FOXA1-induced circOSBPL10 facilitates CC progression through miR-1179/UBE2Q1 axis, highlighting a strong potential for circOSBPL10 to serve as a promising therapeutic target in CC.

As a frequent type of human gynecological malignancies worldwide, cervical cancer (CC) is depicted as one of the dominating causes contributing to cancer-associated death in women [1, 2]. It is estimated that that nearly 500,000 new cases are diagnosed with CC annually [3]. In China, CC is also regarded as one of the most prevalent lethal tumors. Over the past few years, in spite of the application of human papillomavirus (HPV) vaccine in treatment, CC is still a major stumbling block for female health [1, 4]. The majority of patients at an early stage of CC are likely to be cured through surgery [5], whereas no or limited efficient therapeutic approaches for those at the advanced stages [6]. In order to make advances in the treatment of CC, researchers have focused on exploring and developing tumor-particular biomarkers for CC [7]. For example, melatonin was identified as a new adjuvant agent in treating patients with CC [8], so was curcumin [9]. However, more efforts should be made in developing new effective therapeutic strategies for CC. Hence, it is imperative to make in-depth exploration of the underlying molecular mechanisms in CC.

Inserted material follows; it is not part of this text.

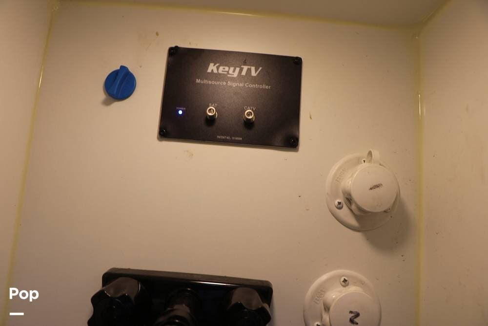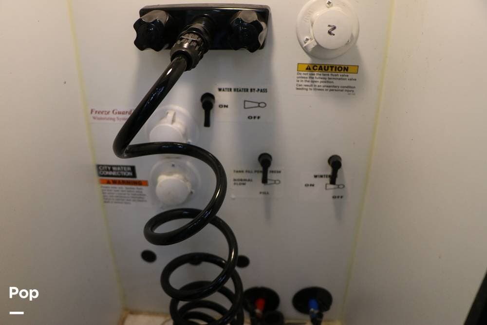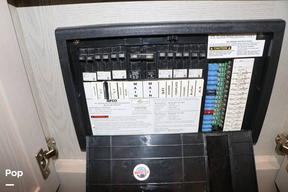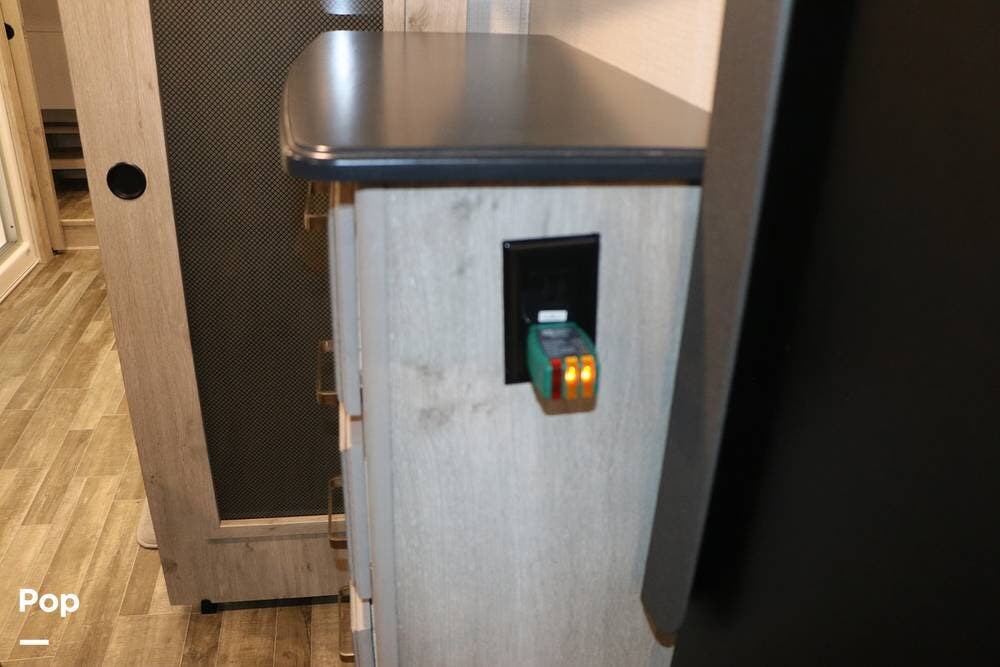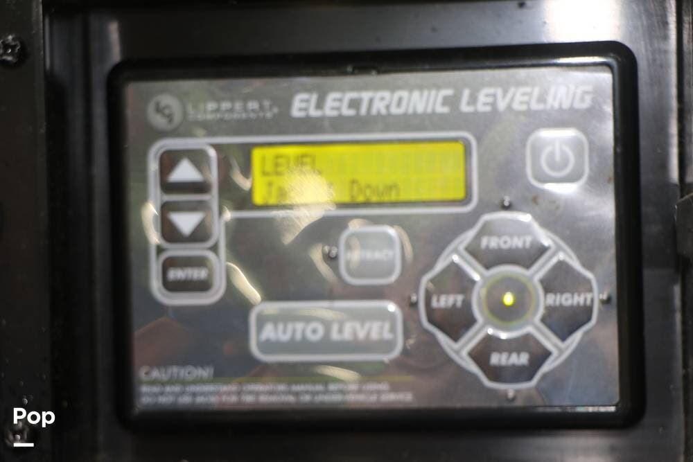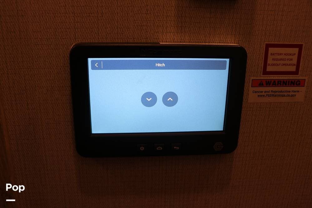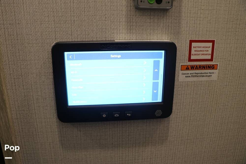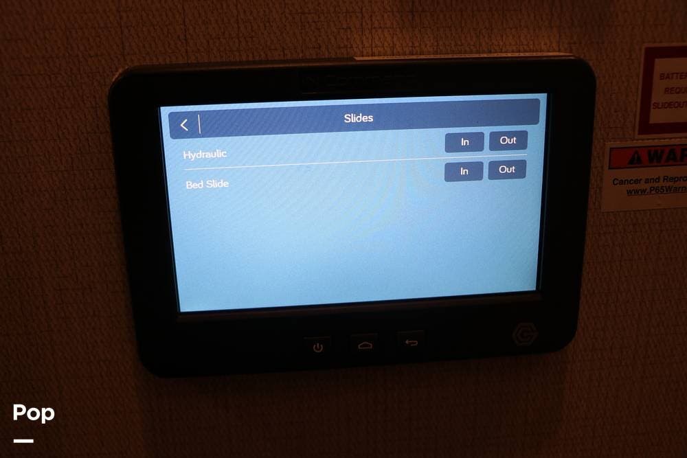Just up the steps in the hallway is the touch-screen control panel, which allows you to control all aspects of the RV--lighting, heating/cooling, slides, awnings, leveling system, and more. The unit is equipped with a tankless water heater, and the control panel is next to the controls for the MAX AIR Fans and the LPG Tank Level indicator. All of the controls are in one central location.

Non-coding RNAs (ncRNAs) have been commonly considered as the potential key modulators in gene regulation to impact on tumor development [10, 11], including genetic and epigenetic manners [12]. In recent years, ncRNAs have been indicated as clinical biomarkers in diverse diseases [13, 14], including cancer [15, 16]. As a member of ncRNAs, circular RNAs (circRNAs) own a covalently closed structure which are tolerant to RNase R-mediated degradation [17, 18]. Increasing analyses have suggested the abnormal expression of circRNAs in various cancers [19, 20], including CC [21, 22]. Emerging researches have testified the implication of circRNAs in tumorigenesis and progression via regulation of different biological processes, which includes cell proliferation, migration and invasion [23,24,25]. Emerged as a new circRNA, circOSBPL10 (circbase ID: hsa_circ_0064669) is derived from back-splicing of OSBPL10 mRNA (messenger RNA). To our knowledge, the critical regulatory mechanism of circOSBPL10 has not been investigated in CC yet.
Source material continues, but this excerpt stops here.